More that 90% of cancer-related deaths are caused by dissemination of cancer cells to distant organs with subsequent formation of secondary tumours. In contrast to the primary tumour, metastasis is largely incurable because of its systemic nature and its frequent association with resistance to existing therapeutic agents. The better understanding of the mechanisms of metastatic spread of cancer cells and the pathways involved in this process had identified new targets and opened new possibilities to treat cancer. Dissemination of cancer cells in the body inevitably occurs via interaction with the surrounding “normal” cells, collectively called cancer-associated stroma (Langley & Fidler, 2011). This means that the search for potential therapeutic targets for anti-metastatic therapy has considered both tumour- and stroma-cell derived molecules.
Among potentially applicable anti-metastatic targets, the protein S100A4 has been suggested as a therapeutic intervention site to prevent metastasis. S100A4 belongs to the S100 family of small Ca-binding proteins with diverse extra- and intra-cellular function (Donato, 2003). Numerous studies connect the S100A4 activity with tumour progression and metastasis formation. This evidence has been accumulated using in vitro studies of cancer cell lines, transgenic and knockout mouse models and assessment of its prognostic significance for metastasis in patients with cancer (Boye et al., 2010; Helfman et al, 2005; Mishra et al., 2011). The S100A4 activity is associated with stimulation of cancer cell motility and invasion, normal and aberrant proliferation, apoptosis and differentiation. It is involved in signaling pathways leading to the remodeling of the cell membrane and the extracellular matrix; modulation of cytoskeletal dynamics, acquisition of invasiveness and induction of angiogenesis (Sherbet, 2009). It has been shown that S100A4 is expressed in certain tumour cells, but more generally it is activated and secreted from certain cancer-associated stroma cells which lead to its accumulation in the tumour microenvironment. Moreover, it has been shown that metastatic microenvironment contains greater numbers of S100A4-positive stromal cells than the primary tumour microenvironment (Cabezón et al., 2007; Grum-Schwensen et al., 2005; 2010; Maelandsmo et al., 2009; Schmidt-Hansen, et al., 2004a).
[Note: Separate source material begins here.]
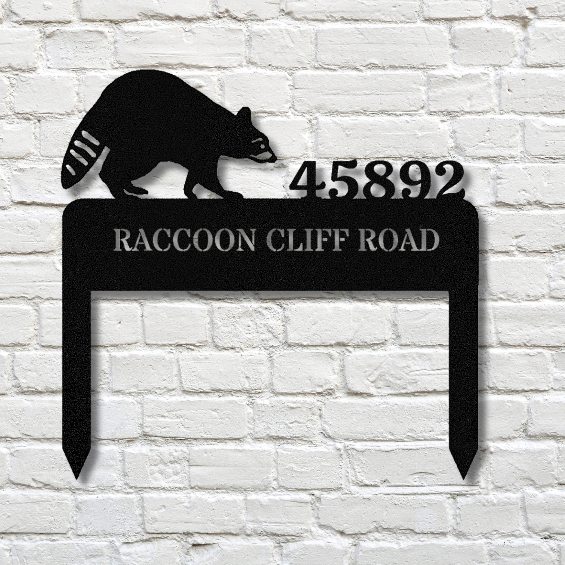 Raccoon Address Metal Stake, Address Plaque, Wildlife Address Stake, Housewarming Gift, House Closing Gift, Raccoon Lover Gift, Address Sign

Furthermore, S100A4 has been shown to maintain the stemness properties and tumourigenicity of cancer-initiating cells in head and neck cancers (Lo et al., 2011).
WO 2011/157724 (Lykera Biomed SA) describes anti-S100A4 antibodies that have anti-angiogenic activity and which bind an epitope comprising the amino acid sequence ELPSFLGKRT (SEQ ID NO: 16) or EGFPDKQPRKK (SEQ ID NO: 17).
However, while the role of S100A4 in tumour progression and metastasis formation has been studied, it remains the case that anti-metastatic therapy is in a rudimentary state largely unmet by existing therapies.